• Forecast
  • News Tip
  • Categories
Temperature Precipitation
Estimated read time
4m 15s

House addresses pension fund debt

By Rhonda McBride 8:06 AM April 18, 2014
JUNEAU –

It’s not every day that you dip into savings to the tune of $3 billion.

But late Thursday night, state lawmakers voted to do just that on behalf of about 130,000 teachers, police, firefighters, troopers and other public employees who are either still working or retired.

“They have a constitutionally guaranteed right to their benefits,” Rep. Mike Hawker said to lawmakers before the vote.

The pension funds for the Public Employees Retirement System and the Teachers’ Retirement System, known as PERS and TRS, have been in trouble for a long time, through no fault of the employees.

A perfect storm of conditions has created a $12 billion debt to these pension funds — bad advice from the state’s financial advisors, a stock market crash, chronic underpayments to the funds as well as a change in the retirement system in 2005 which created another tier of employees who no longer pay into the existing fund. Money from new employees would have helped to replenish the pension trust.

The bottom line:  The state has had to budget hefty payments to the fund every year.

The plan the House voted on Thursday night will pay down $3 billion of the debt and cap annual payments at $500 million a year.

While $500 million set aside in the state budget every year sounds like a lot, the annual payments were expected to grow as to as $2 billion in the next few years, if nothing were done to pay down the debt.

“There’s no easy way to do it,” said Rep. Cathy Munoz, a Juneau Republican. “We can do it today or tomorrow. It’s like paying off a mortgage or a credit card.”

“Do we take a big bite now and pay less later? Or take a smaller bite now and pay more later?” she asked.

Before the vote, lawmakers considered changing House Bill 385, which was introduced by Gov. Sean Parnell, who has said addressing the state’s rising tide of debt to the pension fund was a top priority this session.

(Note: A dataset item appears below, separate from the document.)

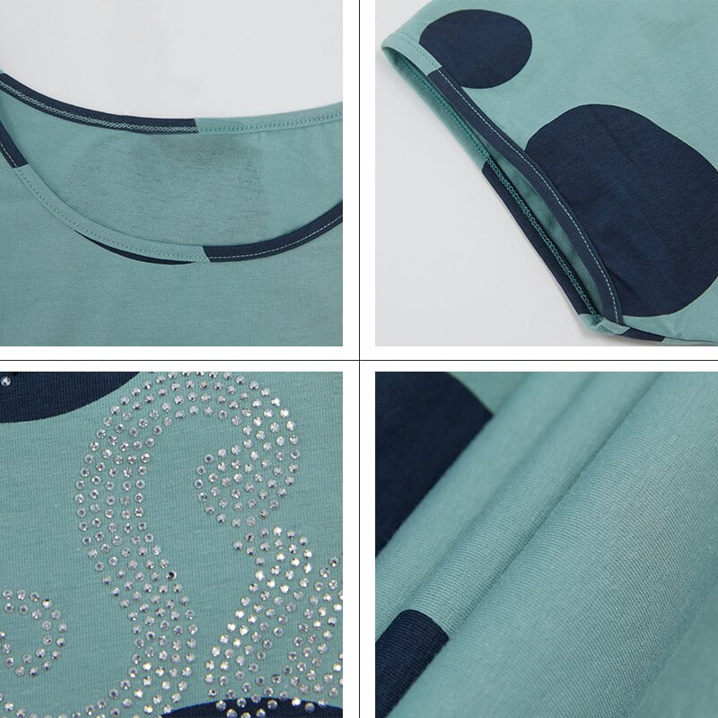 🌞 Lorsque les températures grimpent, il est temps de sortir le T-shirt d’été pour femmes Astrid. Ce vêtement féminin en coton 2023 à pois avec un motif papillon et des diamants 🦋💎 est l’allié parfait pour rester élégante tout en étant confortable. Sa composition en coton lui confère une douceur incomparable sur la peau, idéale pour les journées chaudes.

Other lawmakers have been pushing for a “pay as you go” plan with smaller payments to the fund spread out over a longer period of time. They’ve also looked at asking local governments to kick in more money, a move that was opposed by municipalities already strapped for cash.

The governor called the “pay as you go” plan “immoral,” because he said it would saddle future generations with debt. Parnell later personally apologized to lawmakers for calling the approach immoral.

On Thursday night, some lawmakers still wanted to tinker with the governor’s plan. For a time, an amendment was under consideration to eliminate the $500 million annual payment and leave the amount up to future legislatures.

“Putting a specific number in statute scares me,” said Rep. Charisse Millett.

Millett said she’s worried about declining state revenues. This year, the state is facing a $2 billion shortfall.

“The expectations that our budget is going to be able to absorb $500 million over the next 26 years is probably not realistic,” said Millett, an Anchorage Republican.

Others, like Rep. Pete Higgins, (R) Fairbanks, told lawmakers discussion on the proposal only began in earnest during the final days of session. He said it would be better to take more time to weigh the decision, especially one which involves so much money.

“Once you put $3 billion into this, it’s gone. It’s gone forever,” Higgins said.

“I’d rather put $3 billion into infrastructure, which would not be gone,” Higgins said. “You can actually drive on it. You can feel it. This unfunded liability is sucking us dry.”

Hawker said unless the Legislature takes action now, the problem will only get worse. He said lawmakers have been kicking the can down the road for years.

“What happens when that can gets kicked down the road until there’s no place further to kick it? You get in a position where you have to make decisions that aren’t easy,” said Hawker, who told lawmakers they will have fewer choices if they postpone dealing with the pension fund obligation.

“That’s why we are so fortunate tonight to be standing here with a choice,” Hawker said.

One of those choices is to draw from state budget reserves, which stand at around $17 billion.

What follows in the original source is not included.